On Monday, May 20, 2013 11:03:09 PM UTC-5, Hagwood, Charles R wrote:
> I have a known function f[x,y] and I want to solve the differential
>
> equation (1) for v[t], using NSolve
>
> partial [f(v[t],v'[t])/partial x +(d/dt)[partial f(v[t],v'[t])/partial y=0 (1)
>
> where v'[t] = derivative of v[t] with respect to t.
>
> I did a test to set up (1). I let
>
> f[x_,y_]:=x^2+y^3
>
> v[t]:=Sin[t]
>
> g1[x_,y_]:=partial f(x,y)/partial x
>
> g2[x_,y_]:=partial f(x,y)/partial y
>
> g3[t_]:=g1[v[t],v'[t]]+D[g2[v[t],v'[t]],t]
>
> and asked Mathematica to evaluate
>
> g3[t]
>
> but, Mathematica gives an error. Thanks for the help
>
> Charles
Hard to know exactly what you did because there is some traditional form, I guess, in what you show. My guess is the issue is in the definition of v[t_], wherein the pattern underbar was omitted. That would mess up the definition in a way that would make g3[t] give a bad result.

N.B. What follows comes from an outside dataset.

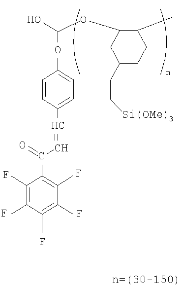 1. Олиго(4-[2-(триметоксисиланил)этил]-2-циклогексилокси)-гидроксиметоксифенил-1-пентафторфенилпропенон структурной формулы:

Here is code that seems to work.
f[x_,y_] := x^2+y^3
v[t_] := Sin[t]
g1[x_,y_] := D[f[x,y],x]
g2[x_,y_] := D[f[x,y],y]
g3[t_] := g1[v[t],v'[t]]+D[g2[v[t],v'[t]],t]
Then g3[t] gives
Out[18]= 2 Sin[t] - 6 Cos[t] Sin[t]
Daniel Lichtblau
Wolfram Research